# Where have all the fishes gone?



## bobberboy (Jul 30, 2014)

Don't see many fishing reports lately. What's everybody doing and are you catching anything?

My report is that the lake I usually fish is so high and the water level is so variable it's like fishing a new lake. I have caught exactly zero bass this year. My first time out the lake may have been as much as three feet high - docks are under water, the entire lake is a no wake zone. The depth marker at the landing was under water. Yesterday the lake was down about 18" but still very high. I don't know how to fish it this year. Because of high levels the lily pads are much diminished but the other weeds are so thick you can't get through them. I've had a few blow-ups and a couple on but not one in the boat. 
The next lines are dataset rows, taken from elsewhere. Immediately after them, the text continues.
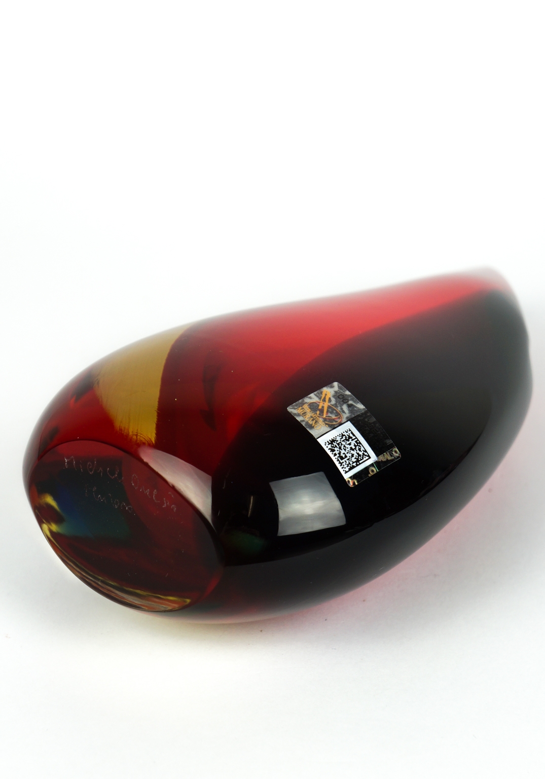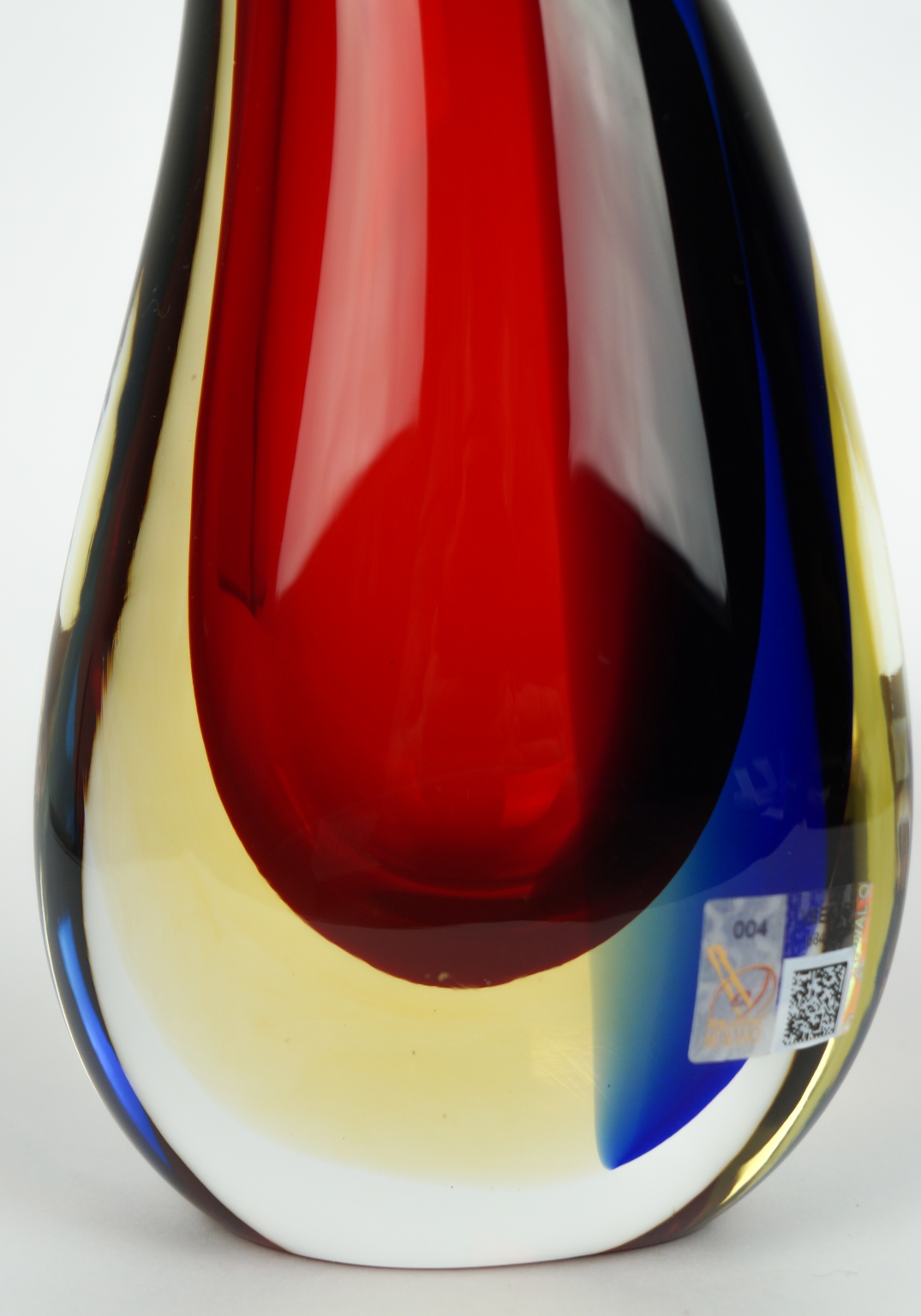 Adhesive label of Vetro Artistico® Murano and signature engraved by the master glassmaker on the bottom of the vase.
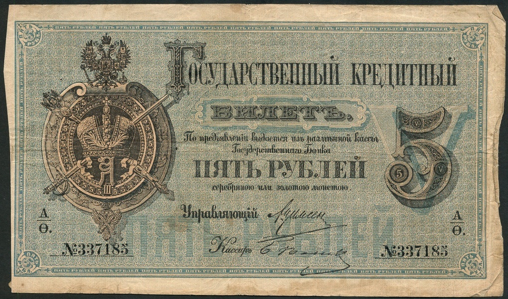 Russia, State Credit Note, 5 rubles (2), 1884, serial number 337185, 563497, black on pale blue underprint, crowned arms at left, value at right, reverse black, D. Ivanovich Donskoi at centre
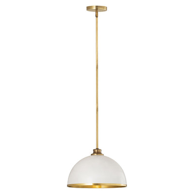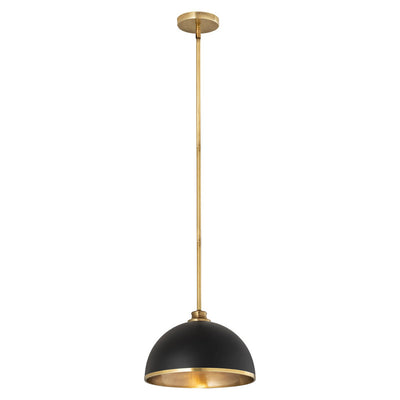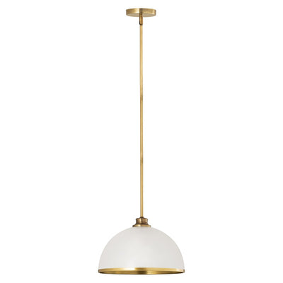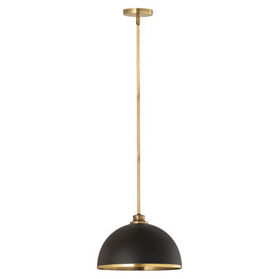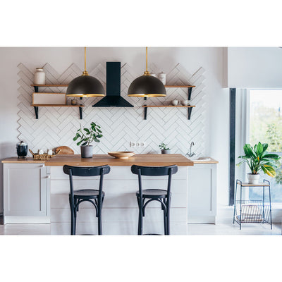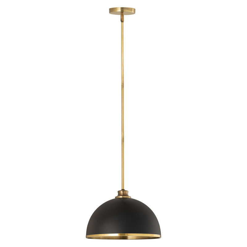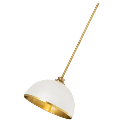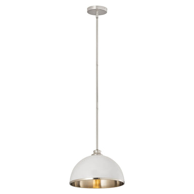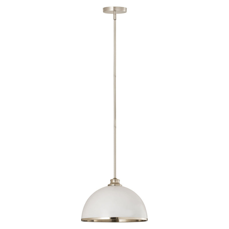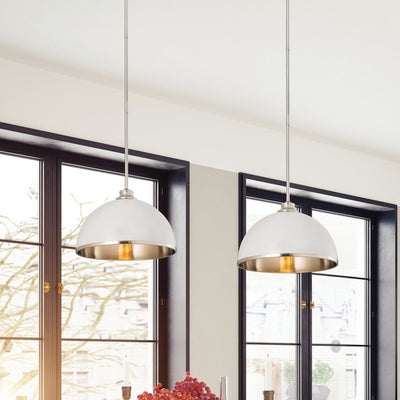 Make a statement in your home with these domed pendants designed with Industrial flair softened by a decorative accent band of metal trim on the bottom. These versatile pendants enhance a myriad of settings from modern farmhouse to urban loft. Available in three sizes in the following finish combinations: Matte Black + Chrome, Matte Black + Rubbed Brass, Matte Black + Brushed Nickel, Matte White + Rubbed Brass, and Matte White + Brushed Nickel.
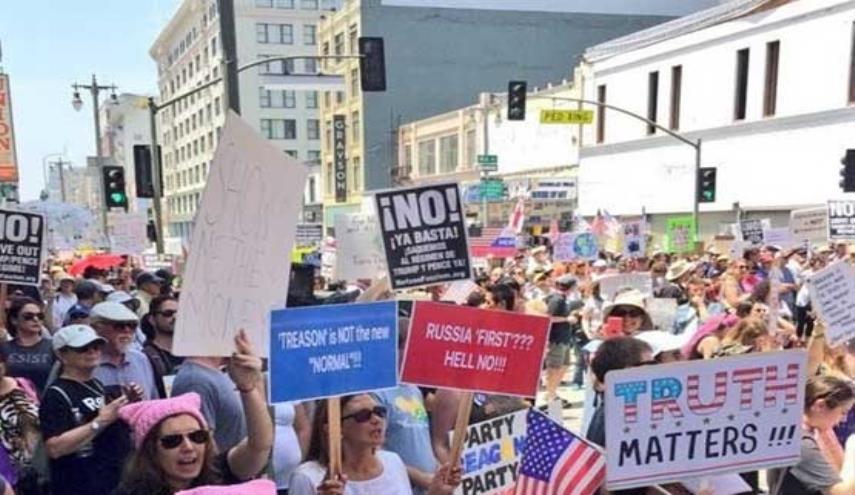 آمریکاییهای معترض به تبانی احتمالی بین ستاد انتخاباتی ترامپ با روسیه، در بیش از ۱۳۰ شهر در سراسر آمریکا تظاهرات کردند.
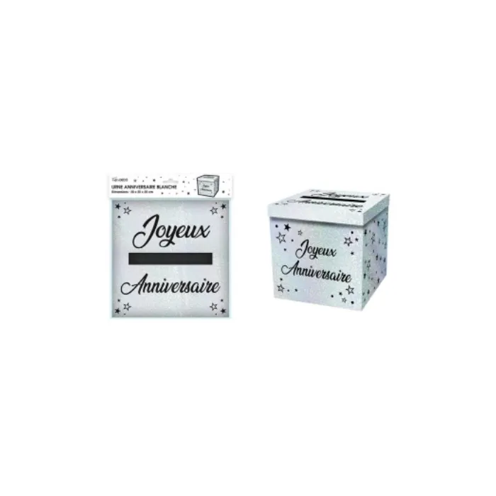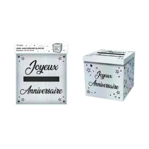 Cette urne cartonnée spécial «Joyeux anniversaire » permettra de recevoir les petits mots et enveloppes des invités.

Hope you all are having better luck.

BTW, for those familiar with the Mississippi near the Twin Cities, the island below the Ford dam has become visible for the first time this season. I don't have stats but the river must have dropped at least six feet below the dam. It's a very strange year on the water here in MN.


----------



## lovedr79 (Jul 30, 2014)

fishing hasn't been too good in my neck of the woods. haven't caught more than a dozen smallmouth over the past couple weeks in the Shenandoah river around front royal. in the past we got tired of catching the average sized smallmouth. we would switch to larger lures to catch the monsters. this year you can barely catch a bass large or small. not sure if there is another fish kill happening or not.


----------



## KMixson (Jul 30, 2014)

I have not been fishing in a couple years. My job has taken all my time away to go fishing. I even sold my 12' tin to my brother because I have no time to use it. I am even actually looking for another job right now to get more time for myself so I can go fishing. I go home and I am so tired from working so much I can't get myself together to go fishing. Another problem is that I am on call 24/7 365 days a year and they are not afraid to call.


----------